Before we dive into BERTopic, we should learn about Topic Modeling.
Topic modeling is a method for unearthing the latent themes or “topics” within representative documents or a collection of documents. It involves examining the text within these documents to detect patterns and relationships that indicate the presence of these topics. For instance, a document focused on artificial intelligence will likely contain terms like “large language models” (LLMs) and “ChatGPT,” unlike a document centered on baking bread.

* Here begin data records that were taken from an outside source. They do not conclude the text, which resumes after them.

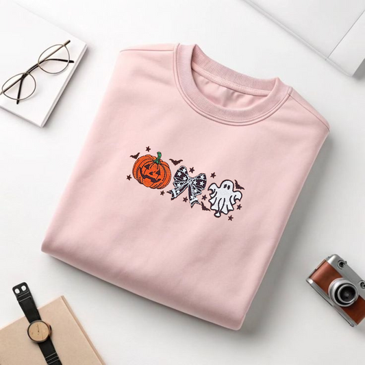 Embroidered Halloween Ghosts & Cats Sweatshirt – Cozy Fall Crewneck for Spooky Season Style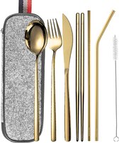 Contenu : 1 cuillère, 1 fourchette, 1 couteau, 1 paire de Baguettes, 2 Pailles réutilisables, 1 brosse de Pailles, 1 étui de rangement.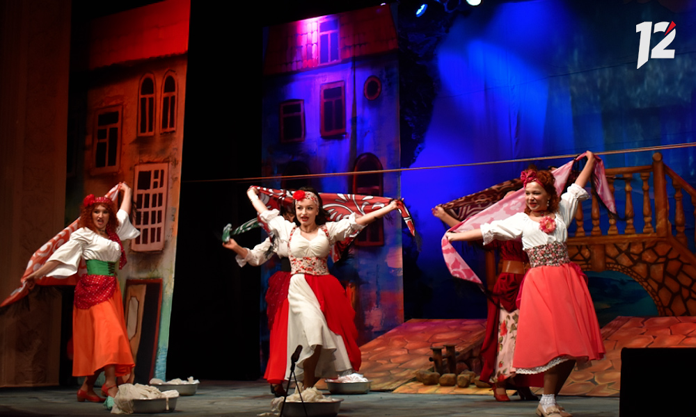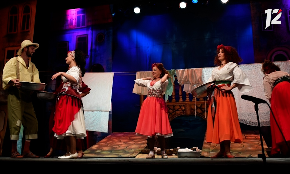 Это первая премьера 35-го, юбилейного, сезона театра. Спектакль по мотивам пьесы Карло Гольдони «Кьоджинские перепалки» поставила режиссёр Ольга Краскова. Она же выступила в роли художника и автора инсценировки.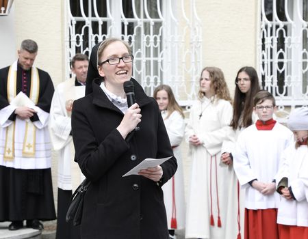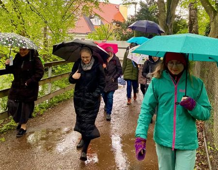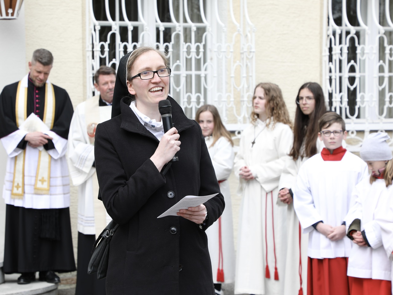 Am 21. April, dem Weltgebetstag für geistliche Berufungen, waren unsere Schwestern unterwegs, um über ihren Berufungsweg Zeugnis zu geben. Eine Gruppe von Schwestern pilgerte zur Korbiniansquelle in Freising und eine andere nahm am diesjährigen Stationenweg des Bistums Passau in Simbach am Inn teil.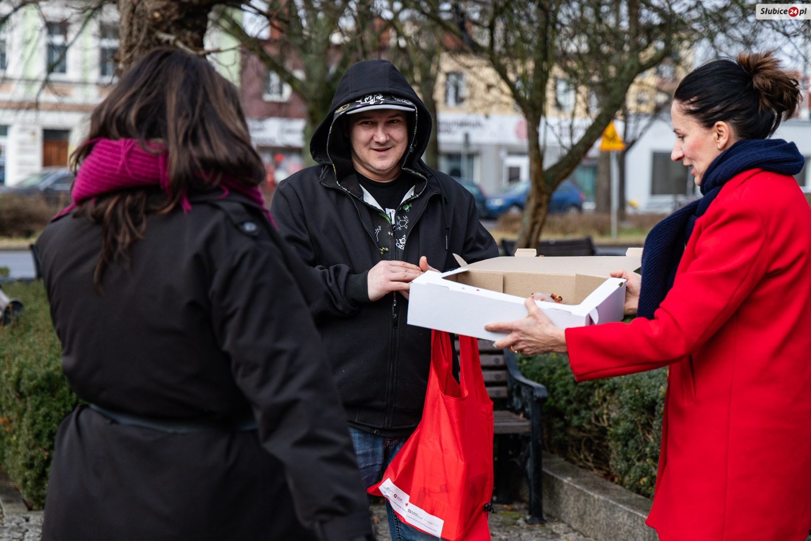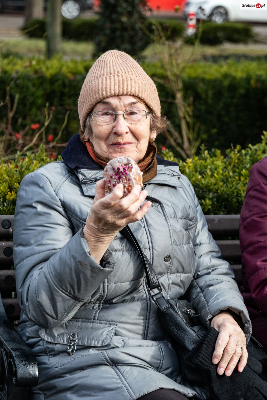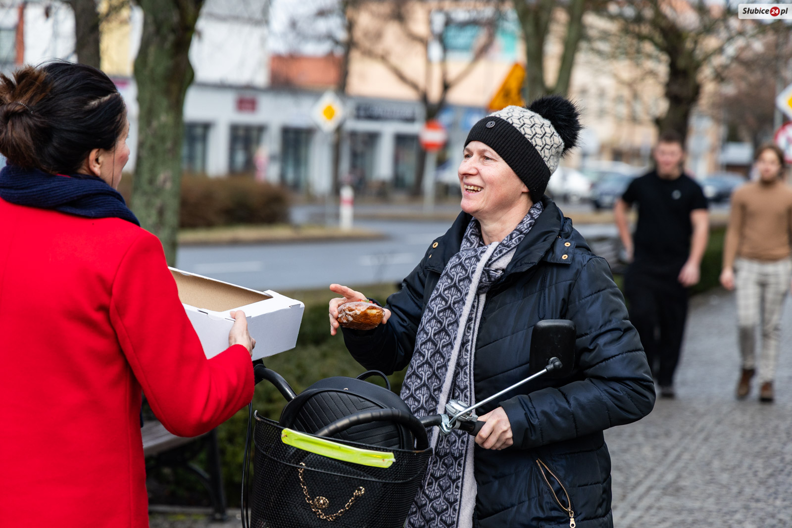 12 lutego na pl. Przyjaźni zrobiło się wyjątkowo słodko. Burmistrzyni Słubic Marzena Słodownik, wspólnie z pracowniczkami Urzędu Miejskiego, częstowała przechodniów pączkami z okazji tłustego czwartku.

Topic modeling has existed since 1990, and some popular techniques include Latent Semantic Analysis (LSA), Latent Dirichlet Allocation (LDA), and non-negative Matrix Factorization (NMF). However, these conventional topic modelling techniques either don’t present the semantic relation between words or struggle to extract the most representative topic representation for a given group of documents. Evaluating topic models can be challenging due to the somewhat subjective nature of evaluation, emphasizing the importance of visualizing different aspects of the topic model to enhance understanding and facilitate adjustments to meet user preferences.
What Is BERTopic?
BERTopic is a novel topic modeling technique that simplifies the topic modeling process. It uses various embedding techniques and class-based TF-IDF (c-TF-IDF) to create dense clusters, allowing for easily interpretable topics while keeping important words in the topic descriptions. It can analyze latent topics in clusters of varying densities and extract topics with the most relevant keywords. BERTopic extends on existing document embedding-based topic modeling techniques and methodologies, but flexibility and robustness separate it from pre-existing solutions. Additionally, BERTopic leverages pre-trained models to enhance its capabilities, enabling incremental learning, batched learning, and federated learning, which address challenges related to data privacy and computational resources.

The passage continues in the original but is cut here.